(DATA EXTRACTS begins)
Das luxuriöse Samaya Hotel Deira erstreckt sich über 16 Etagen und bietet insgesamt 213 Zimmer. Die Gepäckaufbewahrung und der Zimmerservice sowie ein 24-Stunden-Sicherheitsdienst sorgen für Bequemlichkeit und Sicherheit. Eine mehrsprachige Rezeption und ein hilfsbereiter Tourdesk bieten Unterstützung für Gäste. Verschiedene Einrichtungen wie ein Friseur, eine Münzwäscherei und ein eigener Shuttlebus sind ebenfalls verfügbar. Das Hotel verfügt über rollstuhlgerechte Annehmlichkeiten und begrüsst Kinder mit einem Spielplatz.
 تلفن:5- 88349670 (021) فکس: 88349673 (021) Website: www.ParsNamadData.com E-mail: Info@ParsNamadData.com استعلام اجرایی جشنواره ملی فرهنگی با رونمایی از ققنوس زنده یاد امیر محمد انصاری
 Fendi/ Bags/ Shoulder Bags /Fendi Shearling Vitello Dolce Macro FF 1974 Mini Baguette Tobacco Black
(DATA EXTRACTS ends)
(DATA EXTRACTS begins)
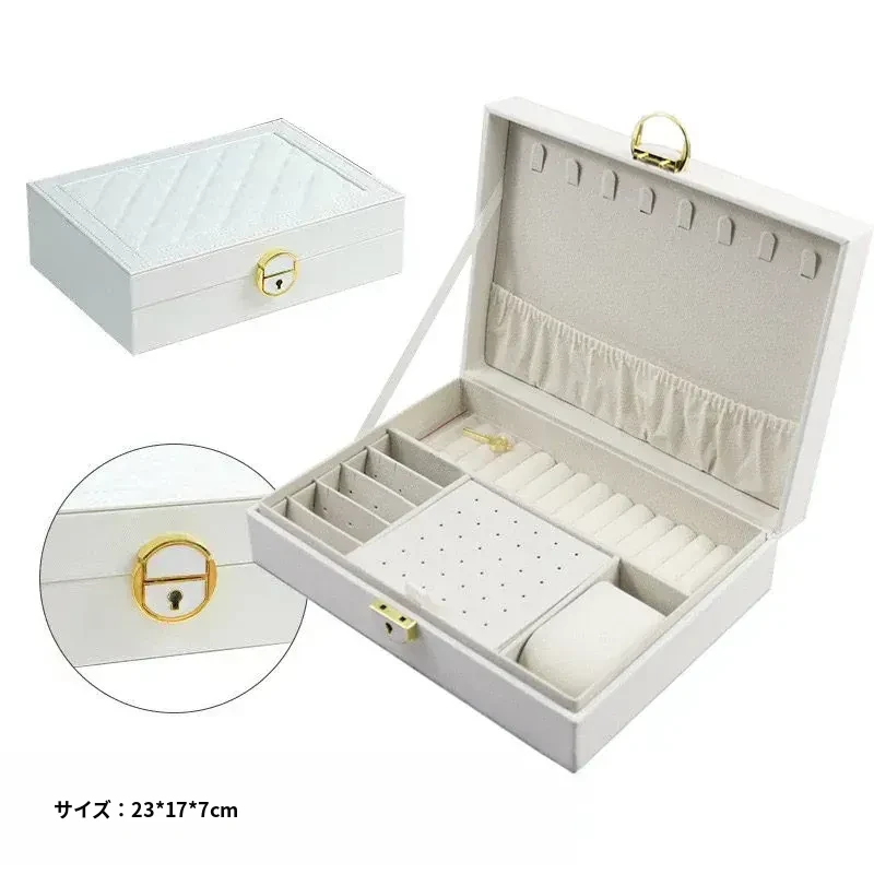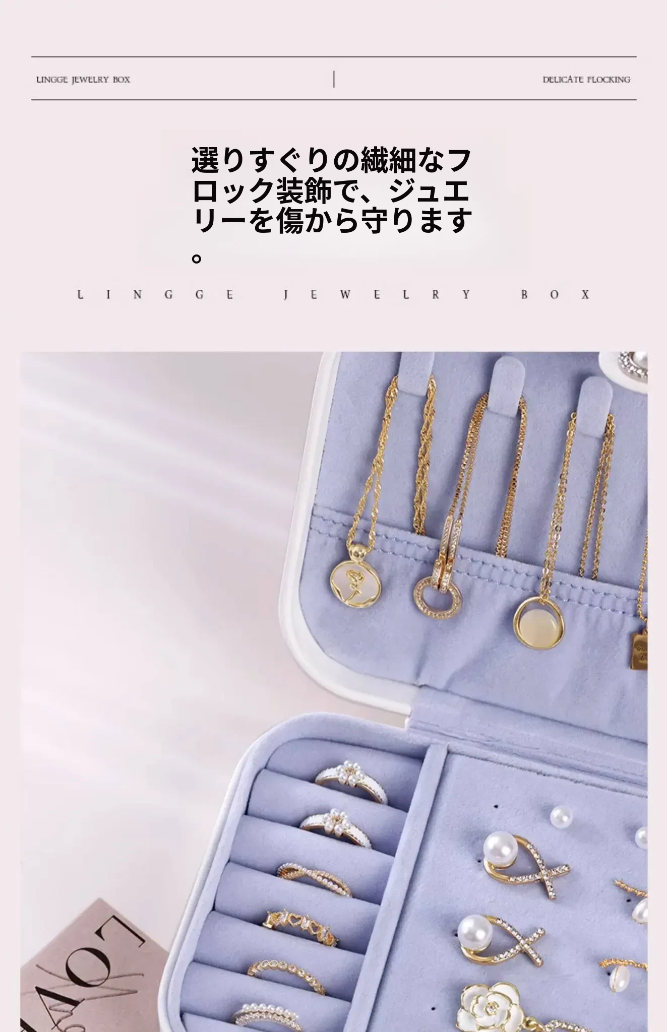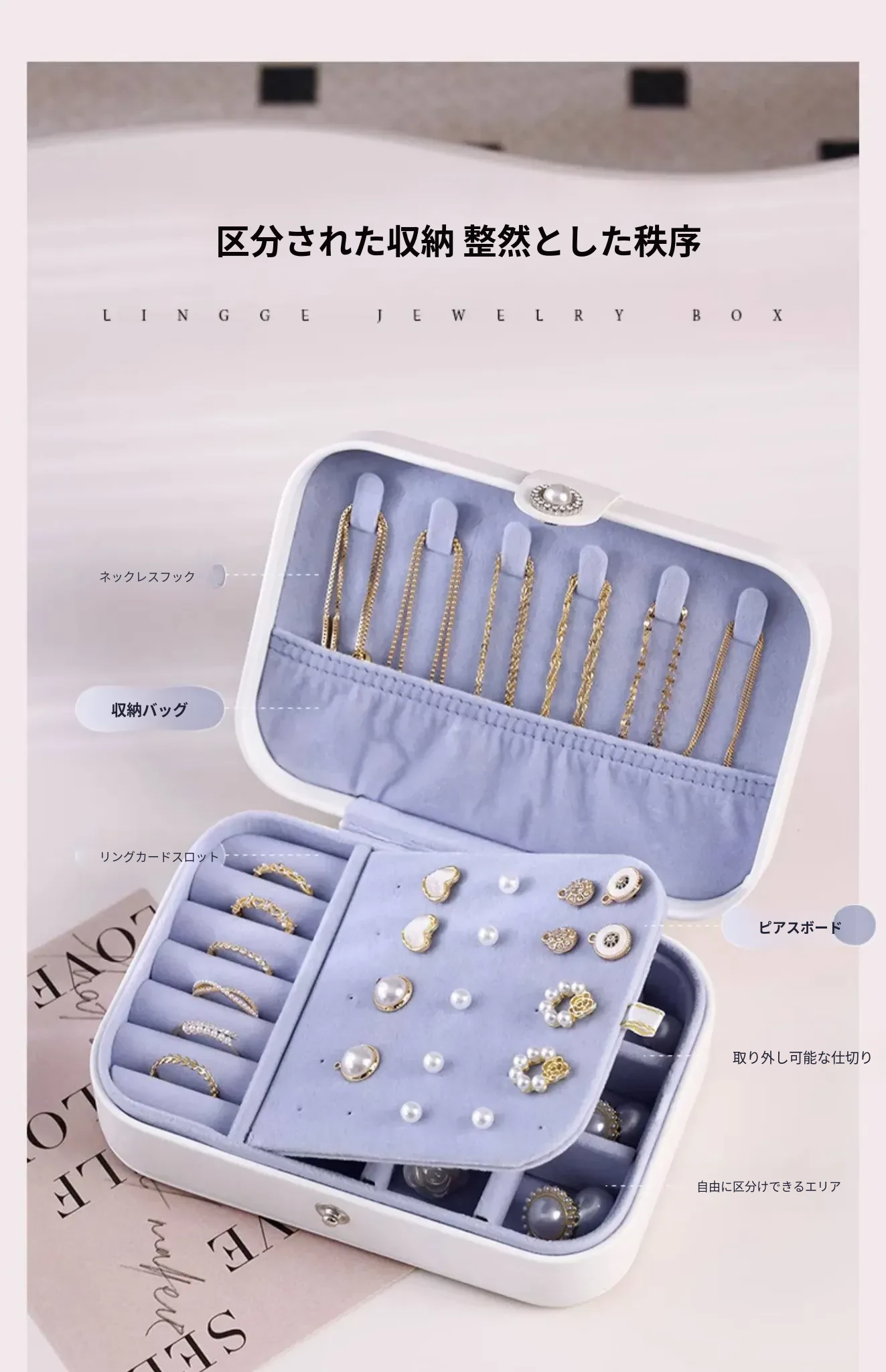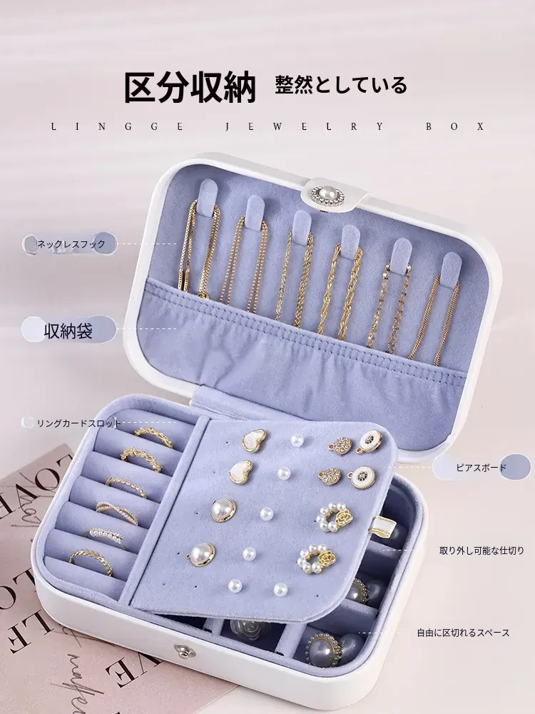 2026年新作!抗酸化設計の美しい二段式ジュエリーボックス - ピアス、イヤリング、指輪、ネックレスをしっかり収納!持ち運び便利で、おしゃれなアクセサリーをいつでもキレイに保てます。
(DATA EXTRACTS ends)
(DATA EXTRACTS begins)
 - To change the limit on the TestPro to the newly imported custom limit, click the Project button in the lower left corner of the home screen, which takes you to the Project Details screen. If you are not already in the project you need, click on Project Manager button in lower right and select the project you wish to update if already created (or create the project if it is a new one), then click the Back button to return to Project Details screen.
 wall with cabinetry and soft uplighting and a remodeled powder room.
(DATA EXTRACTS ends)
WORK TO BE COMPLETED ::
Begin with the line that has "Das luxuriöse Samaya" in the listing above and end after the line that has "Fendi/ Bags/ Shoulder"; output those lines exactly.

EXERCISE RESULT ::
Das luxuriöse Samaya Hotel Deira erstreckt sich über 16 Etagen und bietet insgesamt 213 Zimmer. Die Gepäckaufbewahrung und der Zimmerservice sowie ein 24-Stunden-Sicherheitsdienst sorgen für Bequemlichkeit und Sicherheit. Eine mehrsprachige Rezeption und ein hilfsbereiter Tourdesk bieten Unterstützung für Gäste. Verschiedene Einrichtungen wie ein Friseur, eine Münzwäscherei und ein eigener Shuttlebus sind ebenfalls verfügbar. Das Hotel verfügt über rollstuhlgerechte Annehmlichkeiten und begrüsst Kinder mit einem Spielplatz.
 تلفن:5- 88349670 (021) فکس: 88349673 (021) Website: www.ParsNamadData.com E-mail: Info@ParsNamadData.com استعلام اجرایی جشنواره ملی فرهنگی با رونمایی از ققنوس زنده یاد امیر محمد انصاری
 Fendi/ Bags/ Shoulder Bags /Fendi Shearling Vitello Dolce Macro FF 1974 Mini Baguette Tobacco Black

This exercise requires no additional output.